Answer :
Certainly! Let's tackle this problem step-by-step.
### Given:
- The population of a place in 2003 is 54,000.
- The annual growth rate is 5%.
We need to find:
1. The population in 2001.
2. The population in 2005.
### (i) Find the population in 2001
We know the population in 2003 is 54,000 and it has been increasing at a rate of 5% per annum. To find the population in 2001, we need to work backwards and see what the population was 2 years before 2003.
Let the population in 2001 be [tex]\( P_{2001} \)[/tex].
Since the population grows at a rate of 5% per annum, the population in 2003 can be expressed in terms of the population in 2001 as:
[tex]\[ 54000 = P_{2001} \times (1 + 0.05)^2 \][/tex]
To isolate [tex]\( P_{2001} \)[/tex]:
[tex]\[ P_{2001} = \frac{54000}{(1 + 0.05)^2} \][/tex]
So, we calculate:
[tex]\[ P_{2001} = \frac{54000}{1.05^2} \][/tex]
[tex]\[ P_{2001} = \frac{54000}{1.1025} \][/tex]
[tex]\[ P_{2001} \approx 48979.59183673469 \][/tex]
Therefore, the population in 2001 was approximately 48,979.59.

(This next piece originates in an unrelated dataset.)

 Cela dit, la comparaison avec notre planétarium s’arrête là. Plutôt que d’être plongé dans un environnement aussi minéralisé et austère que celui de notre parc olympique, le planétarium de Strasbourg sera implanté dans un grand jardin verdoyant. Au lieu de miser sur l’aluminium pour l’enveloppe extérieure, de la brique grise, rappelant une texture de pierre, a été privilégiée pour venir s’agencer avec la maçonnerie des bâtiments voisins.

### (ii) Find the population in 2005
Similarly, to find the population in 2005, we can use the population in 2003 and project it forward 2 years.
Let the population in 2005 be [tex]\( P_{2005} \)[/tex].

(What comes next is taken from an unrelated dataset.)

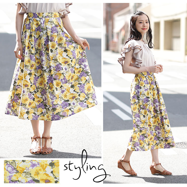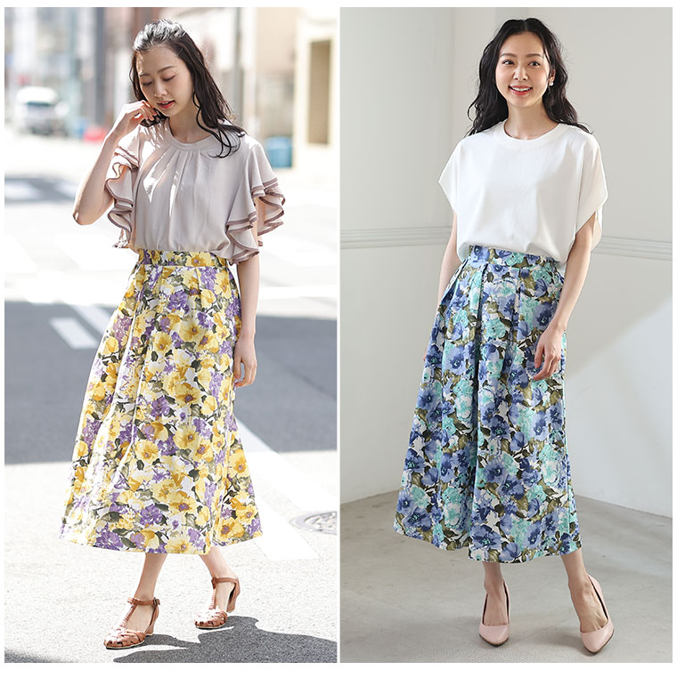 4. 大きいサイズ Rin 花柄 フレアー レディ スカート

Since the population grows at a rate of 5% per annum, the population in 2005 can be expressed in terms of the population in 2003 as:
[tex]\[ P_{2005} = 54000 \times (1 + 0.05)^2 \][/tex]
So, we calculate:
[tex]\[ P_{2005} = 54000 \times 1.05^2 \][/tex]
[tex]\[ P_{2005} = 54000 \times 1.1025 \][/tex]
[tex]\[ P_{2005} = 59535.0 \][/tex]
Therefore, the population in 2005 would be 59,535.
### Summary:
- The population in 2001 was approximately 48,979.59.
- The population in 2005 would be 59,535.
### Given:
- The population of a place in 2003 is 54,000.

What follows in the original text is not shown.